Pragmatic take for `~/clawd`:
- **dont start** with SuCo.
- start with SQLite FTS + (optional) simple embeddings; youll get most UX wins immediately.
- consider SuCo/HNSW/ScaNN-class solutions only once:
- corpus is big (tens/hundreds of thousands of chunks)
- brute-force embedding search becomes too slow
- recall quality is meaningfully bottlenecked by lexical search
Offline-friendly alternatives (in increasing complexity):
- SQLite FTS5 + metadata filters (zero ML)
- Embeddings + brute force (works surprisingly far if chunk count is low)
- HNSW index (common, robust; needs a library binding)

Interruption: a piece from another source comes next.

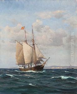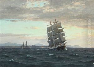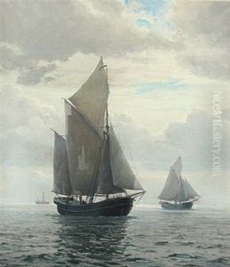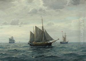 Seascape With Sailing Ships And Ferry Off Sprogo

- SuCo (research-grade; attractive if theres a solid implementation you can embed)
Open question:
- whats the **best** offline embedding model for “personal assistant memory” on your machines (MacBook + Castle)?
- if you already have Ollama: embed with a local model; otherwise ship a small embedding model in the toolchain.
## Implementation plan (phased, shippable)
### Phase 0: workspace conventions (no code)
- add `bank/` files + entity pages
- add `## Retain` convention to daily logs
### Phase 1: `clawdbot memory index|recall` (FTS-only)
- parse Markdown (`memory/*.md`, `bank/*.md`) into chunks
- write to SQLite: `facts`, `entities`, `fact_entities`, `opinions`
- FTS5 table over `facts.content`
- `recall` returns citations (path + line) + trimmed content budget
### Phase 2: entity summaries + opinion tracking
- `reflect` updates `bank/entities/*.md`
- opinion confidence updates with evidence pointers (no embeddings required yet)
### Phase 3: semantic recall (offline embeddings)
- compute embeddings during indexing (incremental)
- retrieval = `hybrid(FTS, vector)` with simple fusion
### Phase 4: “graph-ish” traversal (still simple)
- entity links enable multi-hop: “related to Peter via warelay”
- optional: “topic” nodes, lightweight edges (not a full KG)
## References
- Letta / MemGPT concepts: “core memory blocks” + “archival memory” + tool-driven self-editing memory.
- Hindsight Technical Report: “retain / recall / reflect”, four-network memory, narrative fact extraction, opinion confidence evolution.
- SuCo: arXiv 2411.14754 (2024): “Subspace Collision” approximate nearest neighbor retrieval.